Let component of force on x-axis and y-axis be Fx and Fy respectively.

Fx=Fcosθ

Fy=Fsinθ.

where,

F-force acting

θ-angle with the horizontal.

Fx=5xcos60°

$Fx=5X\frac{1}{2}\\Fx=\frac{5}{2} N.$

Fy=Fsin60°

$Fy=5X\frac{\sqrt{3} }{2} \\Fy=\frac{5\sqrt{3} }{2} N.$

For force, F2 which is equal to 8.0 N is acting at an angle of 45° to the horizontal:

Fx=5xcos45°

$Fx=8X\frac{1}{\sqrt{2} }\\Fx=\frac{8}{\sqrt{2} } N.$

Fy=Fsin45°

$Fy=8X\frac{1}{\sqrt{2} } \\Fy=\frac{8}{\sqrt{2} } N.$

$Fy=8X\frac{1}{\sqrt{2} } \\Fy=\frac{8}{\sqrt{2} } N.$

The components on x-axis and y-axis will be added respectively.
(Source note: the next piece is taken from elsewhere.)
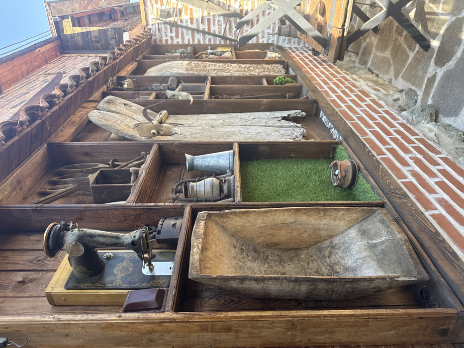 The image depicts an outdoor, rustic wall display of antique objects in Krumovgrad, Bulgaria, under bright daylight. The display is integrated into a multi-layered wall structure. The lowest section of the wall consists of rough-hewn stone, transitioning to a red brick mid-section. Above this, a large wooden framework is built, forming numerous cubbies and shelves filled with various historical artifacts. Tiered terracotta roof tiles are visible above the wooden display. Within the shelves, notable objects include: * An antique, black cast-iron sewing machine head mounted on a golden-framed wooden panel, positioned at the upper left. * Below the sewing machine, two vintage cast-iron clothes irons. * A large, vertically oriented, carved wooden trough or bread kneader occupies a prominent lower left cubby. * A metal kerosene lantern and a grey metal pitcher are displayed together on a shelf. * Further along the display, various wooden tools, parts of old farm implements, metal hooks, and other rustic items are arranged in the cubbies. * Some shelf bottoms are lined with artificial green turf, one holding a small, brown clay pot with a tiny green plant. Other shelves contain decorative gravel. To the immediate right of the display, the ground is paved with irregularly shaped stone slabs. A wooden table with an X-shaped black metal base is partially visible in the lower right foreground. In the upper background, under a clear blue sky, parts of a distant red brick building with terracotta roof tiles are visible. No people are present in the scene.

$(Fx) net=\frac{5}{2} +\frac{8}{\sqrt{2} } \\(Fx) net=\frac{5}{2} +\frac{8\sqrt{2} }{2 }\\(Fx) net=\frac{5+8\sqrt{2} }{2} \\(Fx) net=\frac{5+8X1.4 }{2}\\(Fx) net=\frac{5+11.2}{2}\\(Fx) net=\frac{16.2}{2}\\(Fx)net=8.1N.$

$(Fy) net=\frac{5\sqrt{3} }{2} +\frac{8}{\sqrt{2} } \\(Fy) net=\frac{5\sqrt{3} }{2} +\frac{8\sqrt{2} }{2 }\\(Fy) net=\frac{5\sqrt{3}+8\sqrt{2}}{2}\\(Fy) net=\frac{5X1.7+8X1.4}{2}\\(Fy) net=\frac{8.5+11.2}{2}\\(Fy) net=\frac{19.7}{2}\\(Fy) net=9.85 N\\(Fy)net=9.8 N.$

As the angle between the (Fx)net and (Fy)net vectors is 90°, their resultant will be:

$Fnet=\sqrt{(Fx)net^{2}+(Fy)net ^{2} } \\Fnet=\sqrt{8.1^{2}+9.8^{2} } \\Fnet=\sqrt{65.61+96.04}\\Fnet=\sqrt{161.65}\\Fnet=12.714 N\\Fnet=12.71 N.$

Hence, the magnitude is 12.71 N.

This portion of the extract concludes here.